**TASK DETAILS**
Transcribe exactly the lines below that begin at the line with "Last move : 0-1" and stop after the line with "外盘白银还在跌,估计今天第五个跌停板逃不了了。", leaving out every picture.

**DATASET ENTRIES**

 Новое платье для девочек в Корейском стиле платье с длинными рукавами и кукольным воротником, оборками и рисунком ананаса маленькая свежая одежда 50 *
...
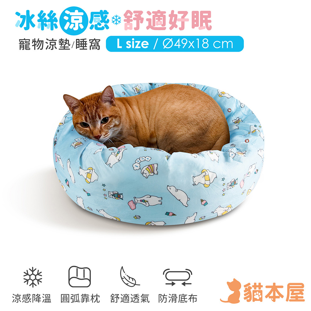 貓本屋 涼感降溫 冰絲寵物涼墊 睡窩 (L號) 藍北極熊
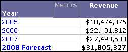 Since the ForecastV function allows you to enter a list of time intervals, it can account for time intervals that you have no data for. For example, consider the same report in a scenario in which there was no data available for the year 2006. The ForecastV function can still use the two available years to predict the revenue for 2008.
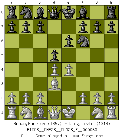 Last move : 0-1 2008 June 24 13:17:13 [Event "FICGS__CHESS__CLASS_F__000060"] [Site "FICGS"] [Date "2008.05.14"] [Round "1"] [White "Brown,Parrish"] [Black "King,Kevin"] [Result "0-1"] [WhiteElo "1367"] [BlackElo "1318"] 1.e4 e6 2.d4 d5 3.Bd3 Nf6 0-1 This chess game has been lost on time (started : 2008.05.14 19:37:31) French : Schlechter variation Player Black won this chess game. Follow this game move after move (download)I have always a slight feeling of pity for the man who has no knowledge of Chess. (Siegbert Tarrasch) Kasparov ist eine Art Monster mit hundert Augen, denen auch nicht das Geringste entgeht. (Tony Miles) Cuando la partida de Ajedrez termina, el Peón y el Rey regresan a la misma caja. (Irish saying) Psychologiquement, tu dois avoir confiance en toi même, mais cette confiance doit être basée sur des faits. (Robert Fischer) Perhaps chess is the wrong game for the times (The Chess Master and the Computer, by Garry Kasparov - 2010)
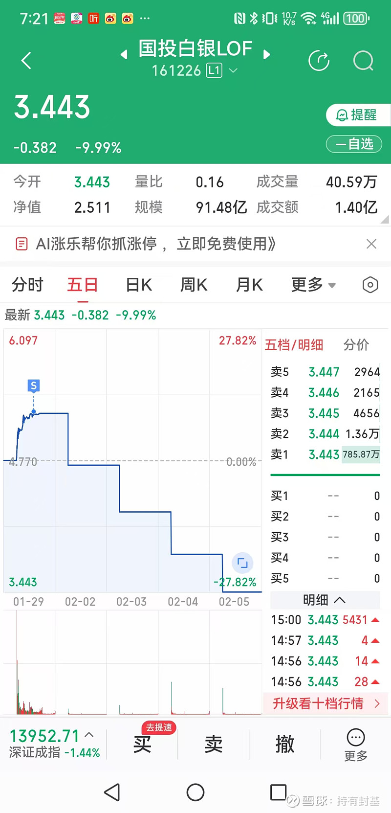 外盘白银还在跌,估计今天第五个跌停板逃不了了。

**EXERCISE ANSWER**
 Last move : 0-1 2008 June 24 13:17:13 [Event "FICGS__CHESS__CLASS_F__000060"] [Site "FICGS"] [Date "2008.05.14"] [Round "1"] [White "Brown,Parrish"] [Black "King,Kevin"] [Result "0-1"] [WhiteElo "1367"] [BlackElo "1318"] 1.e4 e6 2.d4 d5 3.Bd3 Nf6 0-1 This chess game has been lost on time (started : 2008.05.14 19:37:31) French : Schlechter variation Player Black won this chess game. Follow this game move after move (download)I have always a slight feeling of pity for the man who has no knowledge of Chess. (Siegbert Tarrasch) Kasparov ist eine Art Monster mit hundert Augen, denen auch nicht das Geringste entgeht. (Tony Miles) Cuando la partida de Ajedrez termina, el Peón y el Rey regresan a la misma caja. (Irish saying) Psychologiquement, tu dois avoir confiance en toi même, mais cette confiance doit être basée sur des faits. (Robert Fischer) Perhaps chess is the wrong game for the times (The Chess Master and the Computer, by Garry Kasparov - 2010)
 外盘白银还在跌,估计今天第五个跌停板逃不了了。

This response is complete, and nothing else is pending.